[[ DATASET EXTRACT, beginning ]]

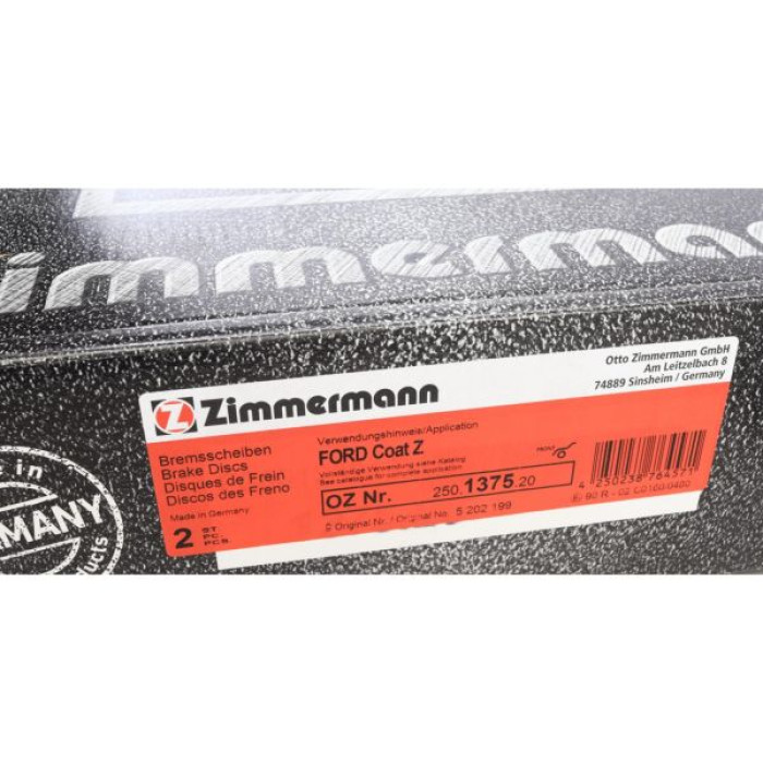 Передний тормозной диск Zimmermann 250.1375.20 на FORD MONDEO V СЕДАН (CD) с двигателем 2.0 TDCi дата производства с 09.2012 по до н.в.
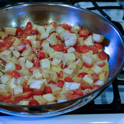 - フライパンのスープが半分くらいまで煮詰まったら、生クリームを入れ、一煮立ちしたら鶏肉とトマト入れ、軽く温める。
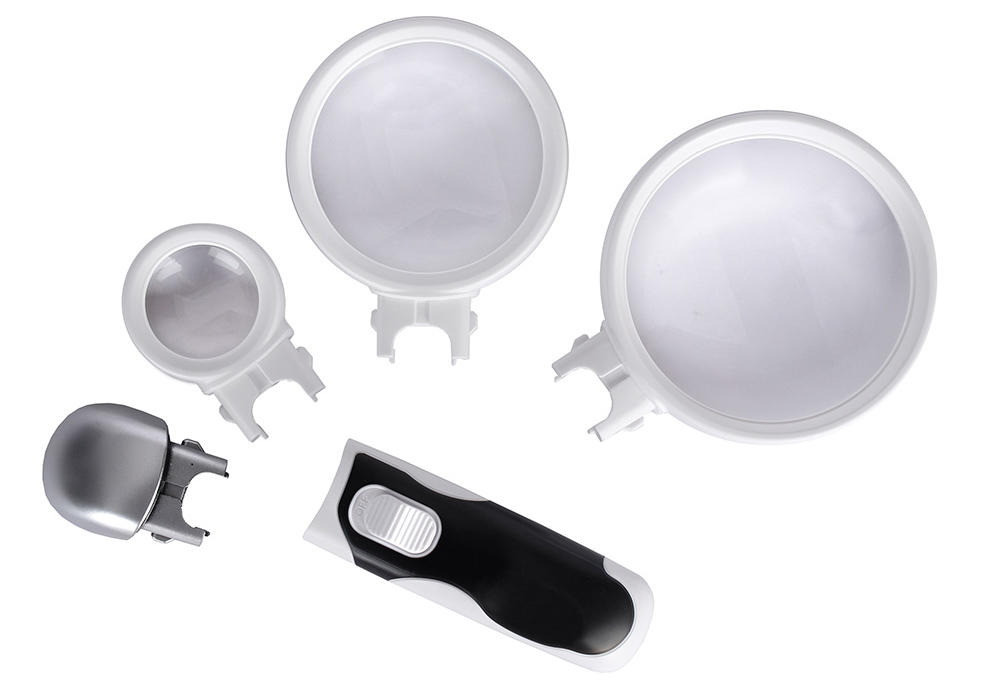 Более компактная и мобильная конфигурация – вариант со сменными линзами, установленными на ручку. Так получатся удобные просмотровые лупы, которые можно использовать для работы с графиками, чертежами, фотографиями и текстами. В ручке тоже присутствует подсветка.

[[ DATASET EXTRACT, end ]]

*WHAT YOU ARE ASKED TO DO*:
Your response must consist of the material above, reproduced word for word, with the images omitted.

*ANSWER BOX*:
 Передний тормозной диск Zimmermann 250.1375.20 на FORD MONDEO V СЕДАН (CD) с двигателем 2.0 TDCi дата производства с 09.2012 по до н.в.
 - フライパンのスープが半分くらいまで煮詰まったら、生クリームを入れ、一煮立ちしたら鶏肉とトマト入れ、軽く温める。
 Более компактная и мобильная конфигурация – вариант со сменными линзами, установленными на ручку. Так получатся удобные просмотровые лупы, которые можно использовать для работы с графиками, чертежами, фотографиями и текстами. В ручке тоже присутствует подсветка.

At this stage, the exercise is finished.